Jal tentò un sorrisetto, accostandosi all’Imperiale. «Ebbene, è piaciuta l’Azione?»

Ma l’uomo sapeva già la risposta. In allestimento per la Concatenazione c’erano molte Azioni esteticamente migliori, ma neppure una che rappresentasse con tutte le sue ambiguità e le sue ossessioni il legame che univa i due gemelli.

Signore Puca osservò gli J/Taals e i clepts come se ancora vedesse in loro i suoi sogni contorti. Quando si volse a Kirtn nelle sue iridi azzurre non c’era più traccia di odio, bensì un insieme di emozioni indefinibili. Allo stesso modo Signora Kurs teneva gli occhi fissi su Rheba. L’Imperiale coppia guardava sé stessa, o una versione a sfondo soltanto sessuale. L’erotismo aveva sciolto la loro ostilità.

Il Polo Maschile fece un cenno a Jal. «Un’Azione meritevole della Concatenazione. Mi congratulo con te».

Signore Jal s’inchinò compaciuto, e si volse al Polo Femminile in attesa anche del suo parere.

«Sono d’accordo», disse lei con voce sottile. «Questa potrebbe essere la migliore Azione, nell’Ultima Notte dell’Anno.

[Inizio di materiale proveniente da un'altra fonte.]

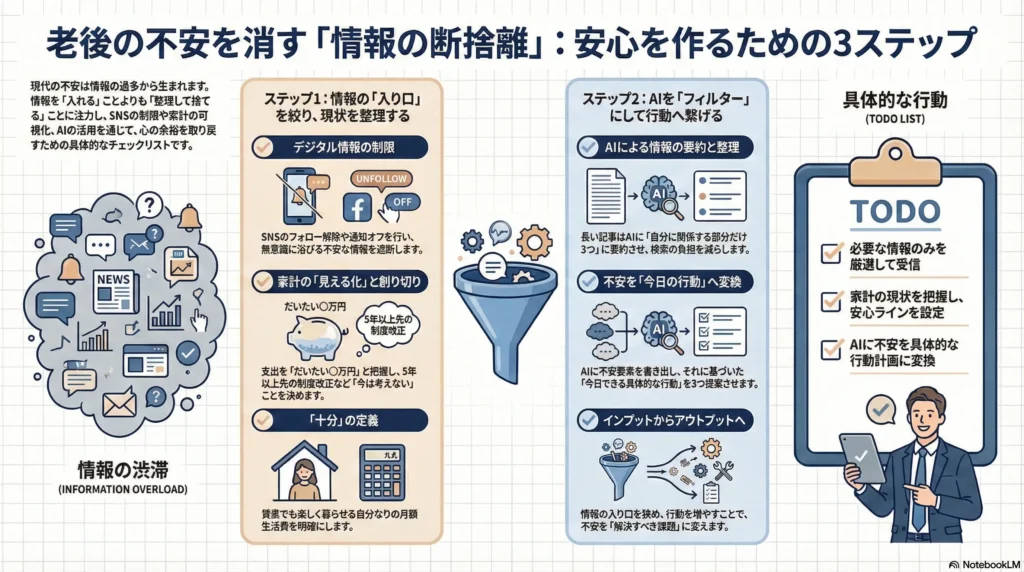 - [ ] ブックマークの厳選: 老後に関して信頼できるサイト(例:公的機関のサイト)を3つだけ選び、それ以外は見ない。

Ma … io non mi congratulo con te, o Senza-Chim, perché tu hai usato anche nella realtà i diavoli Pelosi del tuo inferno, e li hai messi fra noi due. E forse causerai a me e al mio Chim lo stesso dolore raccontato nella leggenda di Saffar e Hmel». Guardò Kirtn e continuò: «Ma prima del dolore ci sarà il piacere, e un piacere tale che solo i demoni ne conoscono l’eguale».

Signora Kurs prese per mano il suo Chim e lo condusse alla porta. Nel passare accanto a Ilfn, Signore Puca si fermò a guardarla, e parve volerle dire qualcosa, ma la sua gemella intervenne freddamente prima che egli potesse aprir bocca:

«Lei e il suo protetto resteranno qui fin dopo la Concatenazione», stabilì con fermezza. «Solo pochi giorni, caro Chim, e fino al termine dell’anno tu e io giocheremo fra noi. In seguito … avremo loro!»